Task 1: Clone the Databricks archive

  1. If you do not currently have your Azure Databricks workspace open: in the Azure portal, navigate to your deployed Azure Databricks workspace and select Launch Workspace.

  2. In the left pane, select Workspace > Users, and select your username (the entry with the house icon).

  3. In the pane that appears, select the arrow next to your name, and select Import.

    The menu option to import the archive

  4. In the Import Notebooks dialog box, select the URL and paste in the following URL:

    https://github.com/MicrosoftLearning/DP-203-Data-Engineer/raw/master/Allfiles/microsoft-learning-paths-databricks-notebooks/data-engineering/DBC/07-Dataframe-Advanced-Methods.dbc
    
  5. Select Import.

  6. Select the 07-Dataframe-Advanced-Methods folder that appears.

Task 2: Complete the Date and Time Manipulation notebook

  1. Open the 1.DateTime-Manipulation notebook. Make sure you attach your cluster to the notebook before following the instructions and running the cells within Within the notebook, you will explore more of the ...sql.functions operations as well as date & time functions.

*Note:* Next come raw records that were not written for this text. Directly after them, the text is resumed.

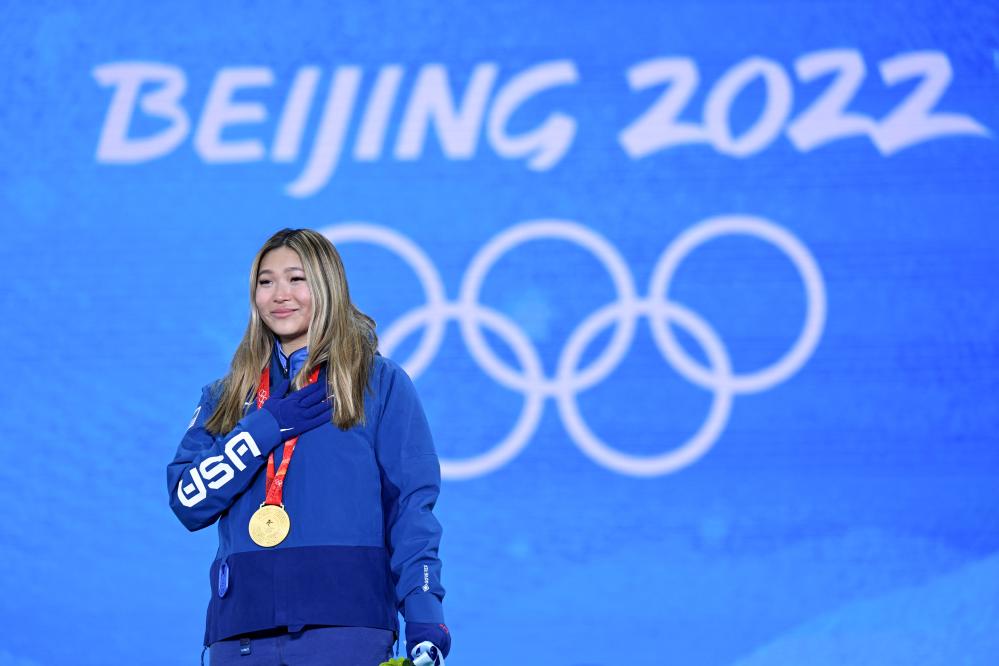 2022年2月10日,冠军美国选手克洛伊·金在北京2022年冬奥会单板滑雪女子U型场地技巧奖牌颁发仪式上。新华社记者 戴天放 摄
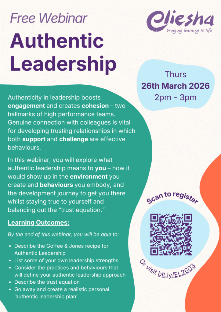 Our popular free webinars seek to provide a valuable hour of impactful CPD for busy professionals, as well as offer a feel for Eliesha’s practical, people-focused approach to learning and development. Check out the flyer below for more information about this webinar and click anywhere on the flyer itself or on the button below it to register for your free place(s).
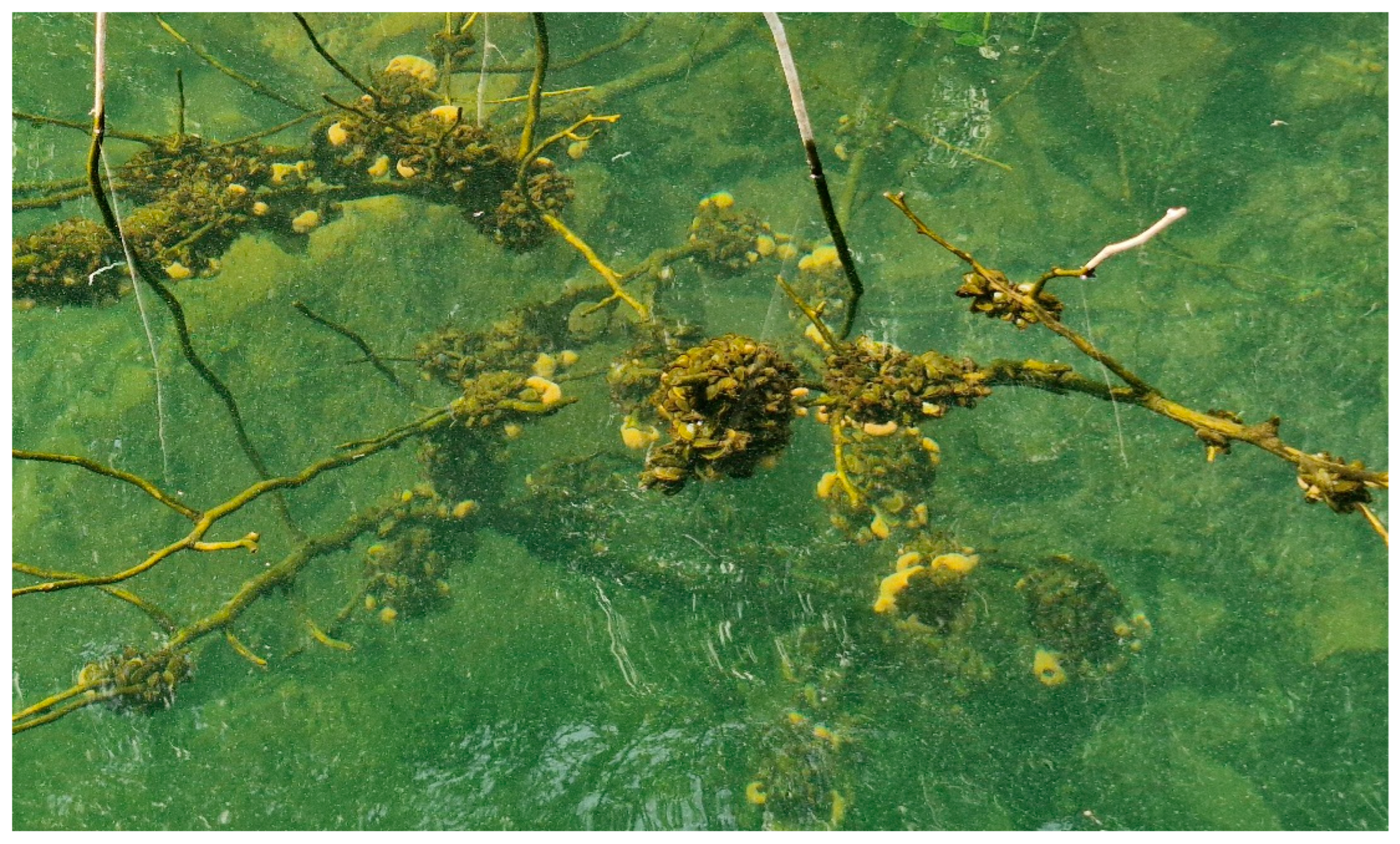 - Carballo, J.L.; Cruz-Barraza, J.A.; Domínguez-Monge, C.; Cano, C.; López-González, P.J. First report of the invasive freshwater sponge Heterorotula multidentata (Weltner, 1895) in Europa: A latent threat for aquatic ecosystems? Limnology 2024, 25, 235–246. [Google Scholar] [CrossRef]
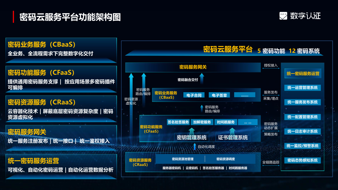 bsports官网 必一运动密码云服务平台基于“云计算与密码融合”的思维及“全融合、全场景、可信任 ”的密码云战略指导,采用密码资源服务(CRaaS)、密码功能服务(CFaaS)及密码业务服务(CBaaS)三层云架构体系,整合多年密码技术和互联网运营经验,构建出的一套面向客户全场景密码服务需求的全栈式密码服务。
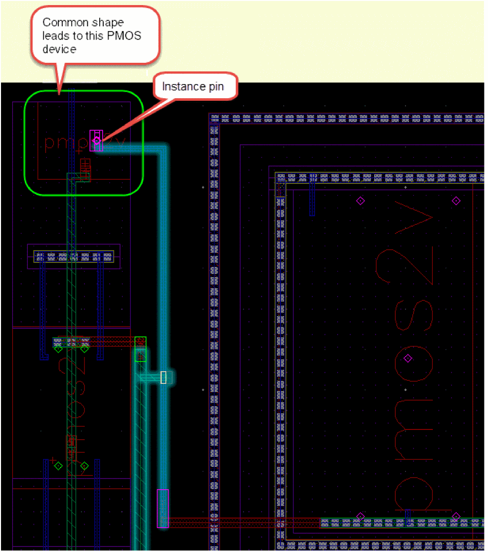 Checking the connectivity of the layout device using the Check Against Source command can confirm that the device is connected correctly. Alternatively, you can use the Property Editor assistant to verify the connectivity of the PMOS device. Also, verify that the instance is connected to the same net in the schematic view.
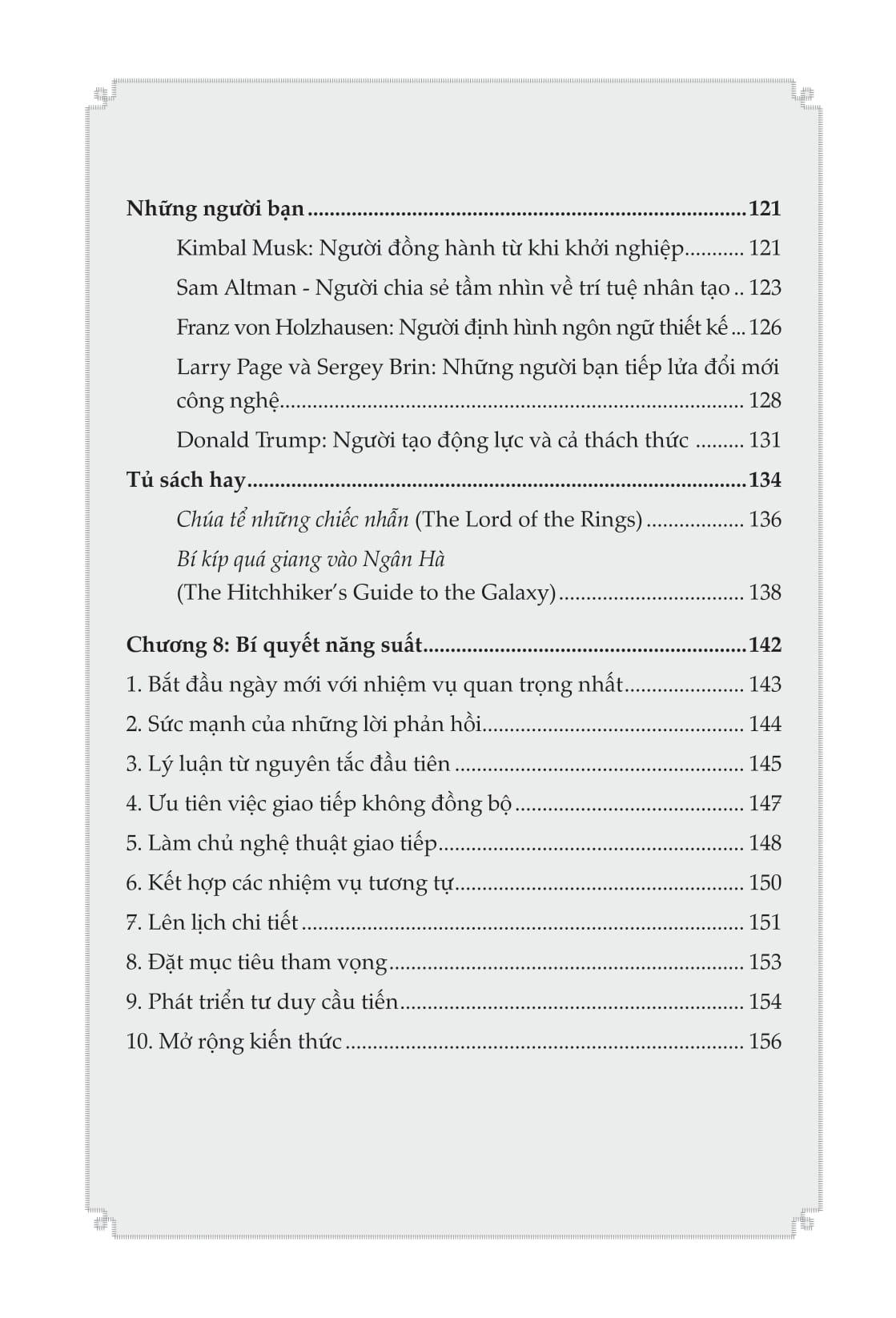 Cuối cùng, độc giả được khám phá những bài học giá trị được đúc kết trong quá trình xây dựng sự nghiệp của Musk, những bài học về kinh doanh, những quyết định về đầu tư – tài chính, những bí kíp về quản trị nhân sự... Qua đó, bạn có thể tự trả lời những câu hỏi và áp dụng nó vào trong công việc của chính m.ình.
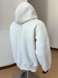 25年新款白灰色开衫卫衣男款秋季cleanfit双头拉链外套美式连帽衫

  2. After you've completed the notebook, return to this screen, and continue to the next step.

Exercise 2: Complete the Use Aggregate Functions notebook

  1. In your Azure Databricks workspace, open the 07-Dataframe-Advanced-Methods folder that you imported within your user folder.

  2. Open the 2.Use-Aggregate-Functions notebook. Make sure you attach your cluster to the notebook before following the instructions and running the cells within. Within the notebook, you will learn various aggregate functions.

  3. After you've completed the notebook, return to this screen, and continue to the next step.

Exercise 3: Complete the De-Duping Data exercise notebook

  1. In your Azure Databricks workspace, open the 07-Dataframe-Advanced-Methods folder that you imported within your user folder.

  2. Open the 3.Exercise-Deduplication-of-Data notebook. Make sure you attach your cluster to the notebook before following the instructions and running the cells within.

  3. The goal of this exercise is to put into practice some of what you have learned about using DataFrames, including renaming columns. The instructions are provided within the notebook, along with empty cells for you to do your work. At the bottom of the notebook are additional cells that will help verify that your work is accurate.

  4. After you have completed this, in the left pane, select Compute and then select your cluster and click Terminate to stop it.